台湾独立建国聯盟日本本部委員長 王明理
昨日(2012年10月17日)付の産経新聞「正論」の「日本軍と戦わない屈折が反日に」と題する論のなかで古田博司筑波大学大学院教授が述べている「台湾人の親日感情」について、一言申し上げたい。読者に台湾人に対してまちがった認識を持っていただきたくないからである。

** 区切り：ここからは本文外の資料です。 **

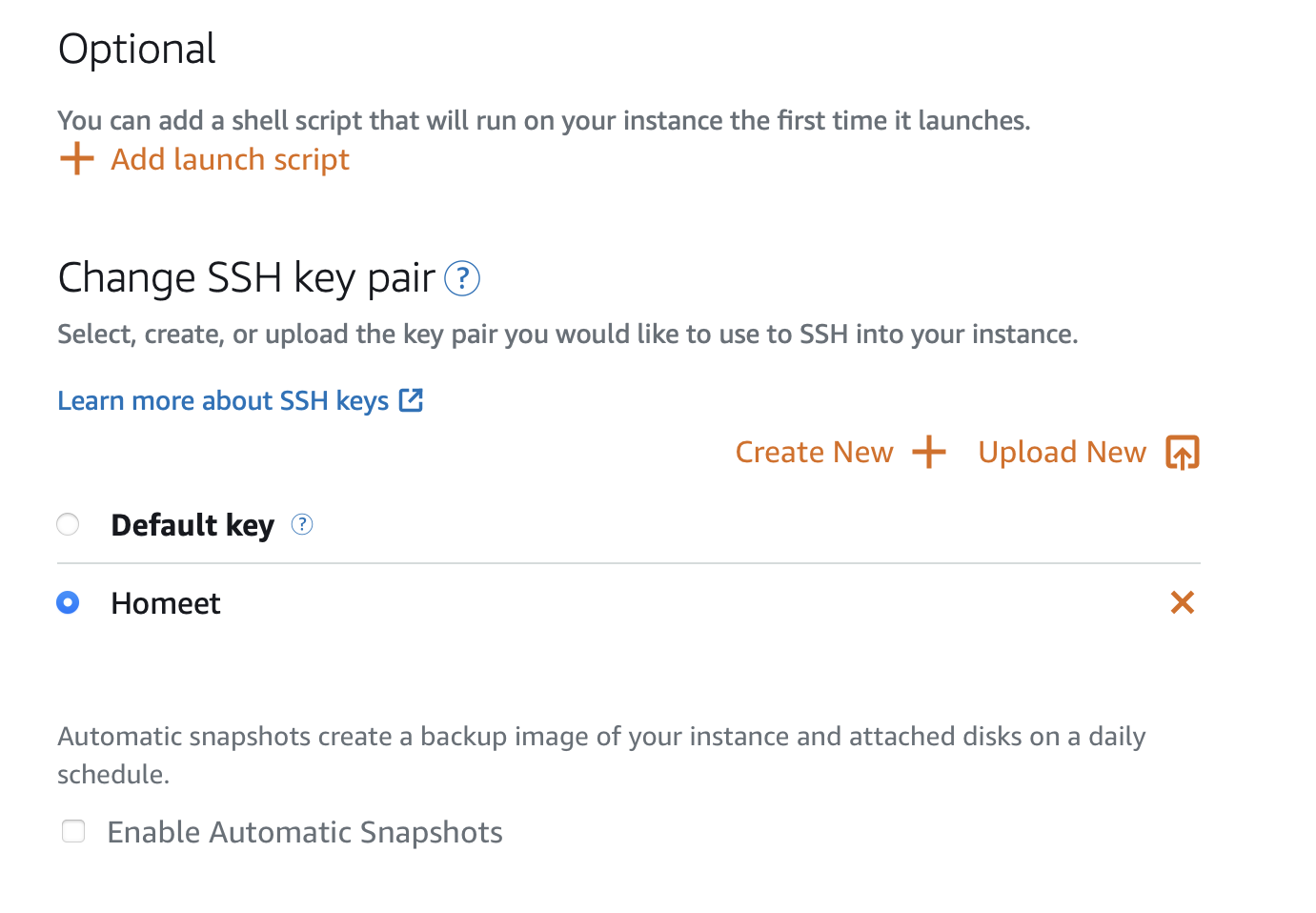 그 다음에는 이제 optional로 launch script 같은 것도 등록할 수 있는데 저는 딱히 초기에 인스턴스가 만들어질때 설정할게 따로 없어서 넣진 않고 ssh 키만 하나 발급 받아서 따로 저의 컴퓨터에 저장했습니다! 만드는 방법은 진짜 create new로 해서 만들기만 하면 돼서 설명할게 없네요,,

古田教授は「日本が敗戦したのは国民党の中華民国であって、共産党の中華人民共和国ではない。私は東京裁判自体は正しいものだとは思わないが、戦勝国として戦犯たちに臨んだことは、台湾住民に勝利の記憶を残したことであろう。この記憶が、台湾人の心をすっきりさせている。だから、彼らは反日である必要性を持たない。今日に至るまで親日だ。」と述べているが、
忘れてならないのは、台湾住民は戦争中、日本兵として中国軍と戦い、戦後、日本兵として裁判にかけられ、B・C級戦犯として173人が長期刑に服したという事実である。(特に軍の最末端にいたが為に多くの俘虜と関わった彼らは、告発を受けやすい立場にあった。)

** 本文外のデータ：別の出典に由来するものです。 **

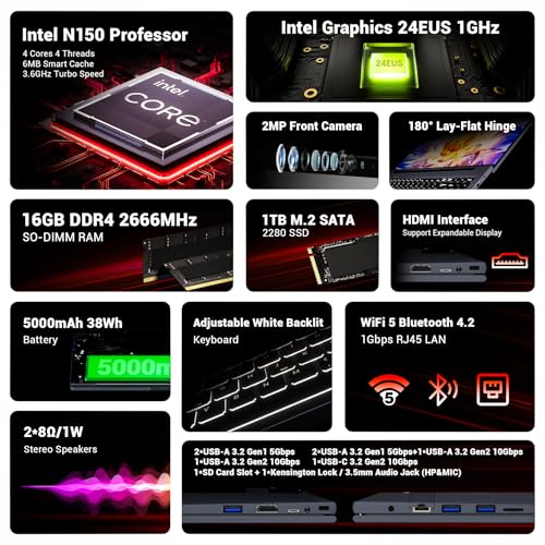 Especificaciones: Computadora portátil de 15.6 pulgadas, teclado retroiluminado, 1TB SSD 16 GB de RAM, Quad-Core N150 3.6GHz, cámara web, portátil IPS FHD portátil para estudiantes/universidad/escuela/negocios/juegos de luz/hogar【AT15】

戦勝国となった中国国民党と台湾住民を同一に考えるのは間違いである。
台湾人は、戦争中の日本国籍を理由に戦犯として裁かれる一方で、戦後、日本国籍を剥奪されたために、日本から、遺族年金や恩給などの補償の対象にはならないと切り捨てられた。(「台湾人元日本兵の補償問題を考える会」の活動の結果、1987年「台湾住民である戦没者遺族等に対する弔慰金に関する法律」が成立し、一人200万円の弔慰金が支給された)
戦後、台湾を支配した中国国民党(中華民国)は戦争中は敵国であったわけで、台湾人は処世術として、日本兵であったことを隠すように生きてきたのである。38年続いた言論の自由のない戒厳令下で、不平を言うこともできなかった。
二重、三重の悲劇を背負った台湾人の心は、今もってすっきりしているとは言えない。それでもなお親日でありつづける台湾人、その心の悲哀を理解しなければ、本当の台湾は見えてこないだろう。